Extracted records
___

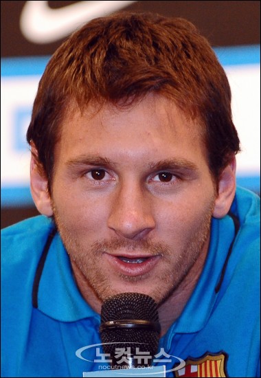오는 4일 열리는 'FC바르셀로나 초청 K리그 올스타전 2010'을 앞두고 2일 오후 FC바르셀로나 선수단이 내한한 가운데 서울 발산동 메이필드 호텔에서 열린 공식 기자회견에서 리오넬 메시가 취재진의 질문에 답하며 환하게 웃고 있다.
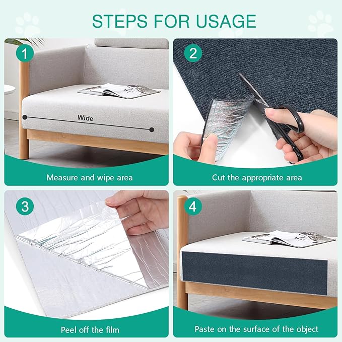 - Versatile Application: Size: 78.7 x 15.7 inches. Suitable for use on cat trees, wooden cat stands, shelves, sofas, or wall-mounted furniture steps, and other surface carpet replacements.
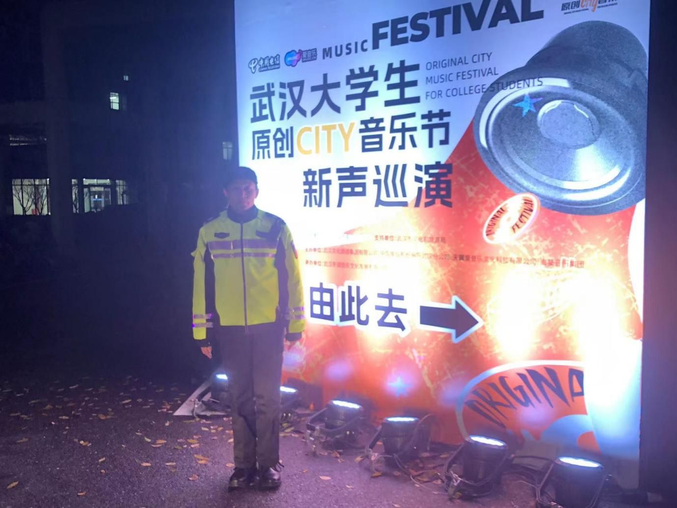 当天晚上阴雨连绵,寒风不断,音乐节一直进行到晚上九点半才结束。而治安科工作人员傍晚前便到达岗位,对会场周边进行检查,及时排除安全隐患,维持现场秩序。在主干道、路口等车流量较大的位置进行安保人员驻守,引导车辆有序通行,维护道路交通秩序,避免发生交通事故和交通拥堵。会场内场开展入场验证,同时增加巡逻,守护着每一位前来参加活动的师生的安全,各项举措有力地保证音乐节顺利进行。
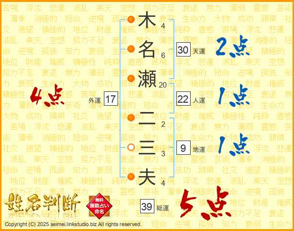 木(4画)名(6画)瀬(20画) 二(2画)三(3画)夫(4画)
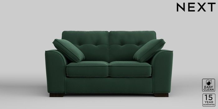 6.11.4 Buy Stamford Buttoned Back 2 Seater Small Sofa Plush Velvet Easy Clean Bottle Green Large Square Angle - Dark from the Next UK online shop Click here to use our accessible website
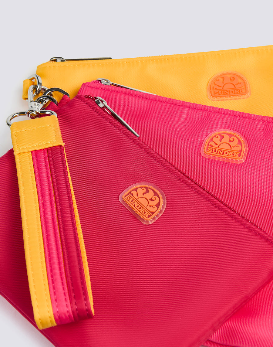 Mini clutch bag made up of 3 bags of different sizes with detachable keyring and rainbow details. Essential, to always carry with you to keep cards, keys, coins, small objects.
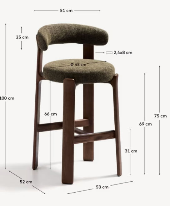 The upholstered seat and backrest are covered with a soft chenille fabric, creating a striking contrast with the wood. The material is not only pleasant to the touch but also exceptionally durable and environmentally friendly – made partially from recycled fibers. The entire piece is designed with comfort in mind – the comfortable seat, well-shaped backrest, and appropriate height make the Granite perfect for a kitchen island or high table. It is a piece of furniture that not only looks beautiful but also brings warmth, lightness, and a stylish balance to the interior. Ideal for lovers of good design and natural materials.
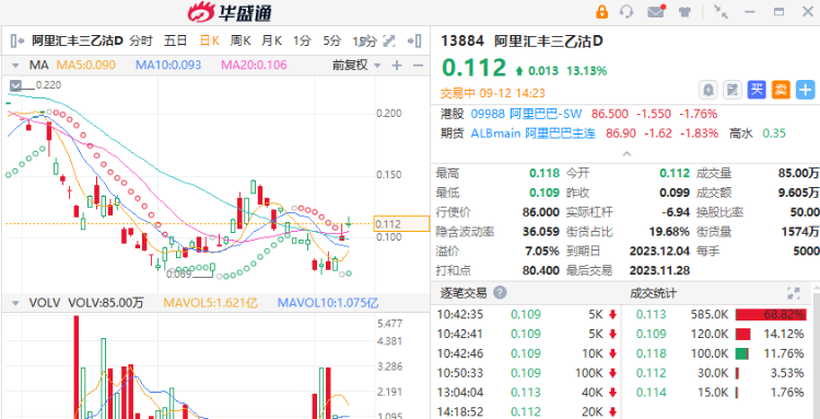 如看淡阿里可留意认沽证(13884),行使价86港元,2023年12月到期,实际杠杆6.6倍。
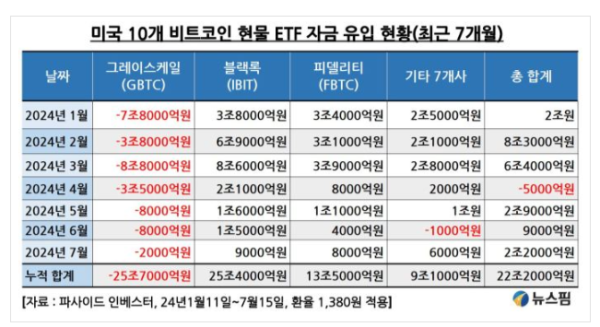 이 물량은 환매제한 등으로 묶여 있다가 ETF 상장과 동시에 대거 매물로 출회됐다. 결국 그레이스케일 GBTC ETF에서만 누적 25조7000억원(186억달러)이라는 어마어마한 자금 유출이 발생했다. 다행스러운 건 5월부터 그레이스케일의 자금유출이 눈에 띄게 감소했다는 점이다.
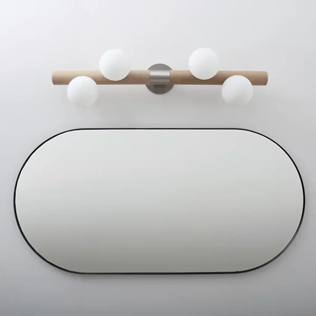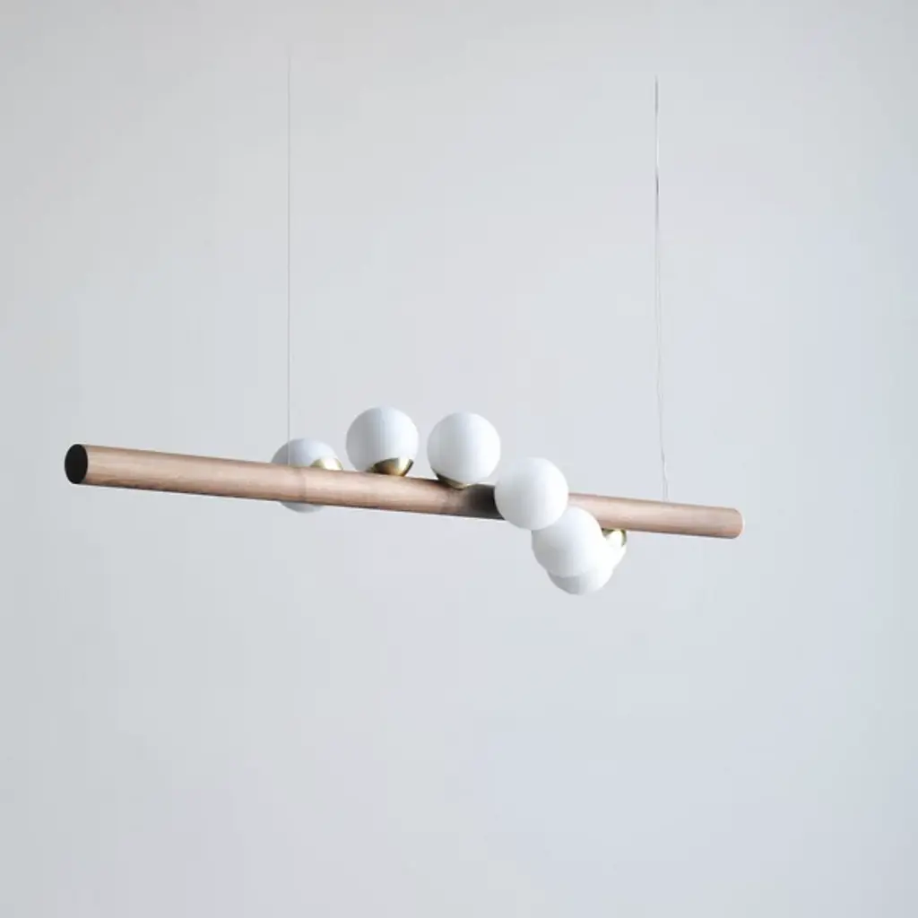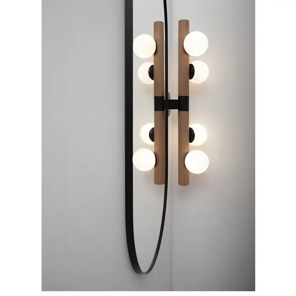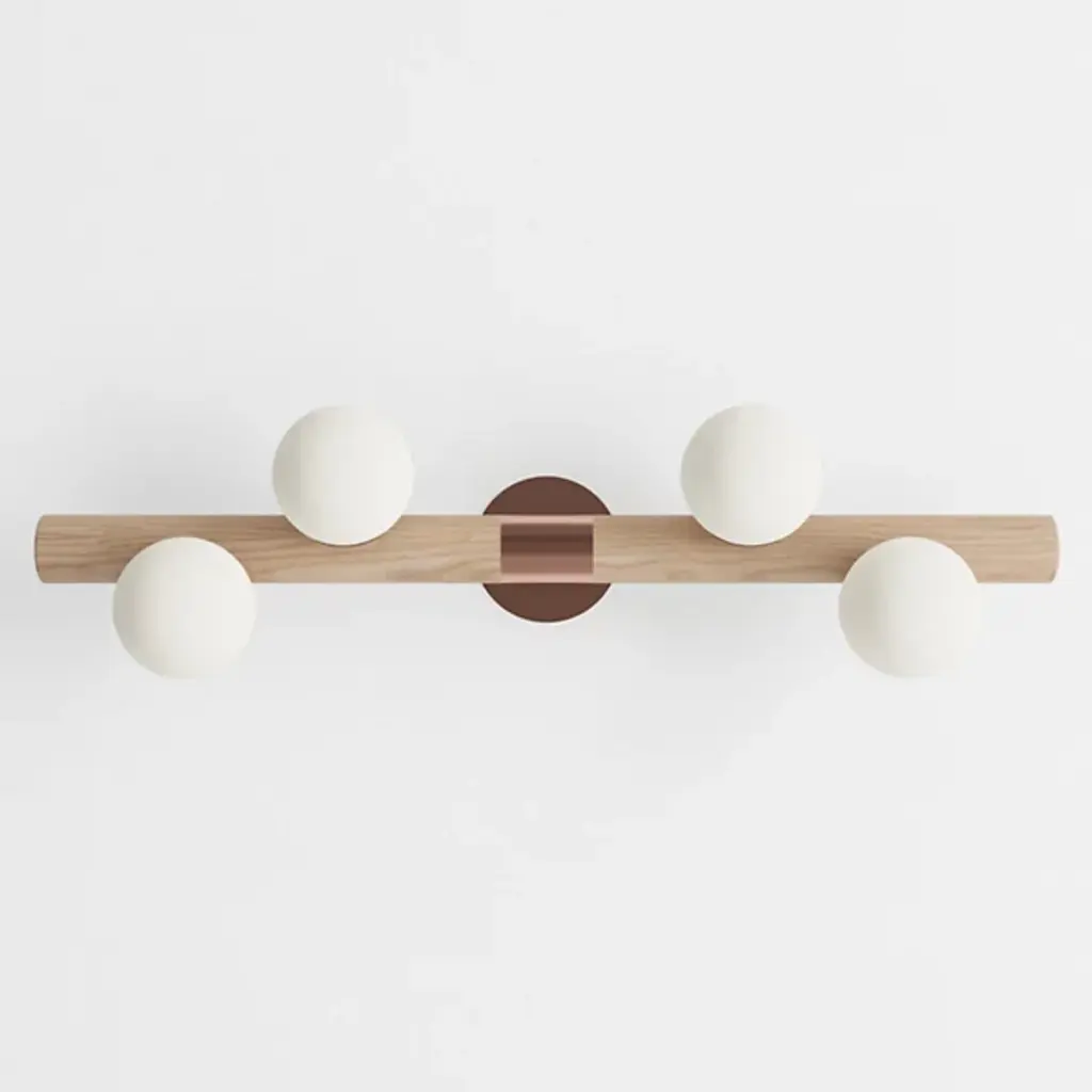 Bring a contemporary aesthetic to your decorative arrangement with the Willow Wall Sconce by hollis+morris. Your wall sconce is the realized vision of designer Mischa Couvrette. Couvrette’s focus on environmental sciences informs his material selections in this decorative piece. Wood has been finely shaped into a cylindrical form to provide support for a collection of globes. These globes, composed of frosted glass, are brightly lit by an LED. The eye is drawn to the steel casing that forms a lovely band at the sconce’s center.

___

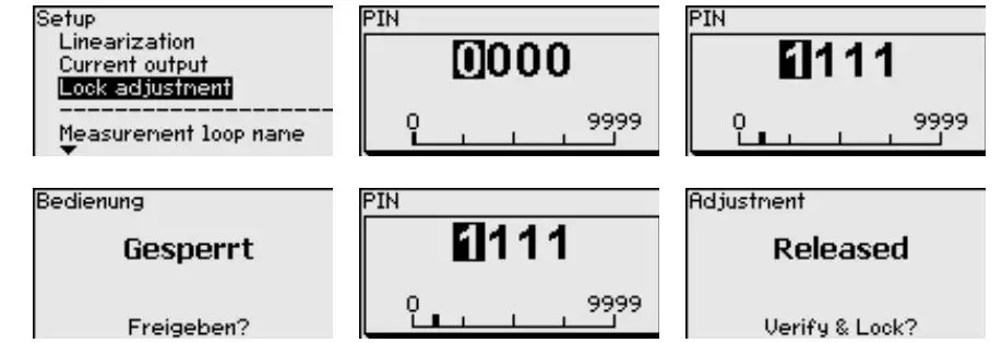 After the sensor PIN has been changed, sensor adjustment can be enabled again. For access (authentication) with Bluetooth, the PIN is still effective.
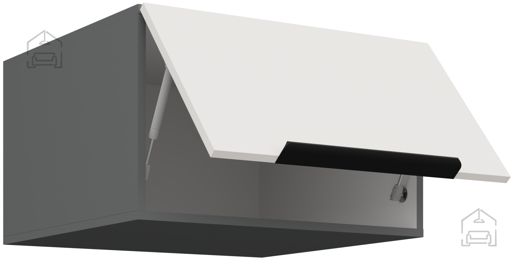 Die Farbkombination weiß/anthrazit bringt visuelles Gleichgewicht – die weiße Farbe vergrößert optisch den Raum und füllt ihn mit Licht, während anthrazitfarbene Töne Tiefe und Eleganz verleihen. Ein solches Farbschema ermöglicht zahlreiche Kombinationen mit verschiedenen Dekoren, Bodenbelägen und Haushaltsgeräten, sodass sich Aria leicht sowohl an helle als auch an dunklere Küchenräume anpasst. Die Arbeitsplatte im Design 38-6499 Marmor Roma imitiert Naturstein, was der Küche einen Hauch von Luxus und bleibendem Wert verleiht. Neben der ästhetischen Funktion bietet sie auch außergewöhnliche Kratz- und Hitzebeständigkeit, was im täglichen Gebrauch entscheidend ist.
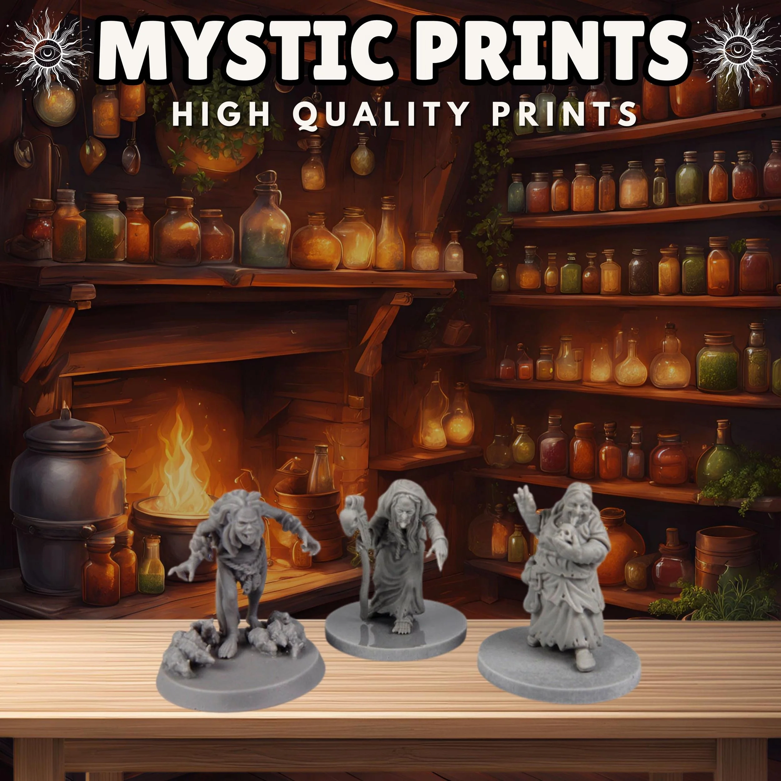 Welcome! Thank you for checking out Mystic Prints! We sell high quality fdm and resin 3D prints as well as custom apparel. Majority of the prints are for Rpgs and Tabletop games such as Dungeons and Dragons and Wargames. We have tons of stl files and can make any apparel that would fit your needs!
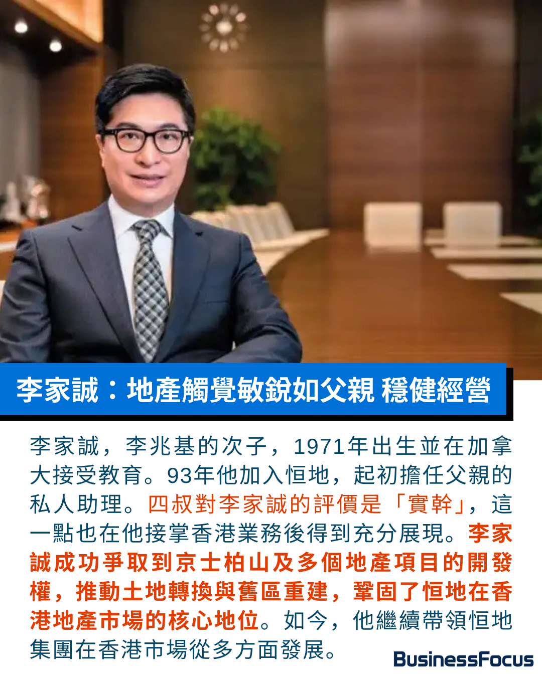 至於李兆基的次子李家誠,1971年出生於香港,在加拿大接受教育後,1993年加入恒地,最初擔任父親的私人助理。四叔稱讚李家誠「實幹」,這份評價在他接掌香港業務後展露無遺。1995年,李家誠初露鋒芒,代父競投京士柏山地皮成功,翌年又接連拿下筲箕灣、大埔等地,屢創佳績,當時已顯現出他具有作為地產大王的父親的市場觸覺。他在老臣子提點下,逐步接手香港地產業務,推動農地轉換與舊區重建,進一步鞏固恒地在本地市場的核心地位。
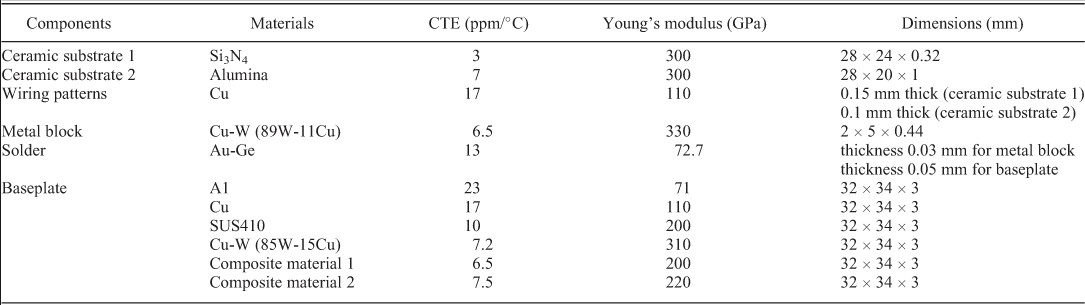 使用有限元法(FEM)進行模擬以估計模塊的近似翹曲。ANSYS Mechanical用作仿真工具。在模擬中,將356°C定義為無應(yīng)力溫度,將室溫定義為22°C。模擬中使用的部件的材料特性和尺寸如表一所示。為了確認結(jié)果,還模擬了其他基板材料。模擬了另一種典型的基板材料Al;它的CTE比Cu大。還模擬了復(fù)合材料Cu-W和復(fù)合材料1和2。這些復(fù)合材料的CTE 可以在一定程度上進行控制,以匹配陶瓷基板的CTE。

___

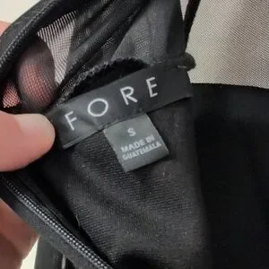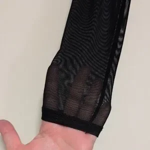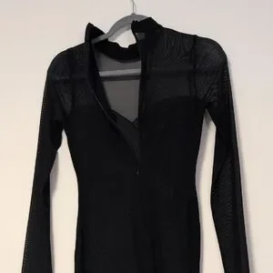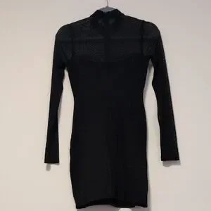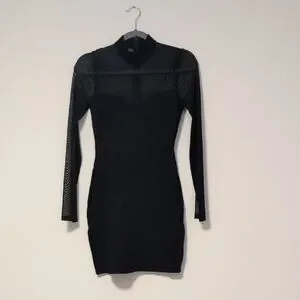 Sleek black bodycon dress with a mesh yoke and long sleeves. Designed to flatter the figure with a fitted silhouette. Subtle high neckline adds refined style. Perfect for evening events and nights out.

___

Within the listing above, the stretch from the line with "The upholstered seat" down to the line with "如看淡阿里可留意认沽证(13" is to be given again exactly, end lines included and pictures excluded.

 The upholstered seat and backrest are covered with a soft chenille fabric, creating a striking contrast with the wood. The material is not only pleasant to the touch but also exceptionally durable and environmentally friendly – made partially from recycled fibers. The entire piece is designed with comfort in mind – the comfortable seat, well-shaped backrest, and appropriate height make the Granite perfect for a kitchen island or high table. It is a piece of furniture that not only looks beautiful but also brings warmth, lightness, and a stylish balance to the interior. Ideal for lovers of good design and natural materials.
 如看淡阿里可留意认沽证(13884),行使价86港元,2023年12月到期,实际杠杆6.6倍。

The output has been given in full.